→ **Problem requirements**: Keep the images out while you set down the data exactly.

→ **Data extract**:
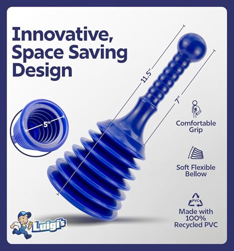 Luigi's Plunger for Sinks and Drains - Sink Plunger for Bathrooms Kitchens Sinks Baths and Showers Unblocker - Shower Plungers for Unblocking - with Large Bellows
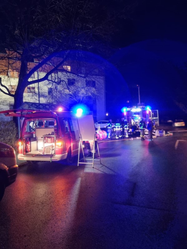 (MR) Am Neujahrstag wurden wir zu einem Terrassenbrand alarmiert. Wir leiteten umgehend Maßnahmen zur Brandbekämpfung ein und konnten das bereits auf den Rollladen übergegriffene Feuer löschen. Wir wurden vor Ort von Einsatzkräften des DRK OV Immenstaad sowie der Polizei unterstützt. Der Regelrettungsdienst übernahm den Transport von drei Personen ins Krankenhaus da diese zuvor Rauchgase eingeatmet hatten. Nachdem wir das Gebäude mittels einer Abluftöffnung rauchfrei machen konnten und die betroffene sowie die darüberliegende Wohnung kontrolliert hatten rückten wir wieder ein.
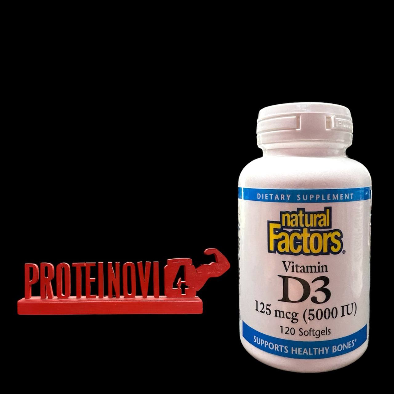 Natural Factors D3 125mcg 5000 IU 120softgels – ключове поживне речовина, яке виробляється в добре засвоюваних гелевих капсулах. Вітамін D3 синтезується організмом від сонячного світла, і лише невелика його кількість може бути отримана з їжі. Зимовий сезон та більшість сонцезахисних кремів заважають організму досягати оптимального рівня вітаміну D. Внаслідок цього додатковий прийом вітаміну D3 стає ще більш необхідним для забезпечення організму достатнім запасом.

→ **Result of this task**:
 Luigi's Plunger for Sinks and Drains - Sink Plunger for Bathrooms Kitchens Sinks Baths and Showers Unblocker - Shower Plungers for Unblocking - with Large Bellows
 (MR) Am Neujahrstag wurden wir zu einem Terrassenbrand alarmiert. Wir leiteten umgehend Maßnahmen zur Brandbekämpfung ein und konnten das bereits auf den Rollladen übergegriffene Feuer löschen. Wir wurden vor Ort von Einsatzkräften des DRK OV Immenstaad sowie der Polizei unterstützt. Der Regelrettungsdienst übernahm den Transport von drei Personen ins Krankenhaus da diese zuvor Rauchgase eingeatmet hatten. Nachdem wir das Gebäude mittels einer Abluftöffnung rauchfrei machen konnten und die betroffene sowie die darüberliegende Wohnung kontrolliert hatten rückten wir wieder ein.
 Natural Factors D3 125mcg 5000 IU 120softgels – ключове поживне речовина, яке виробляється в добре засвоюваних гелевих капсулах. Вітамін D3 синтезується організмом від сонячного світла, і лише невелика його кількість може бути отримана з їжі. Зимовий сезон та більшість сонцезахисних кремів заважають організму досягати оптимального рівня вітаміну D. Внаслідок цього додатковий прийом вітаміну D3 стає ще більш необхідним для забезпечення організму достатнім запасом.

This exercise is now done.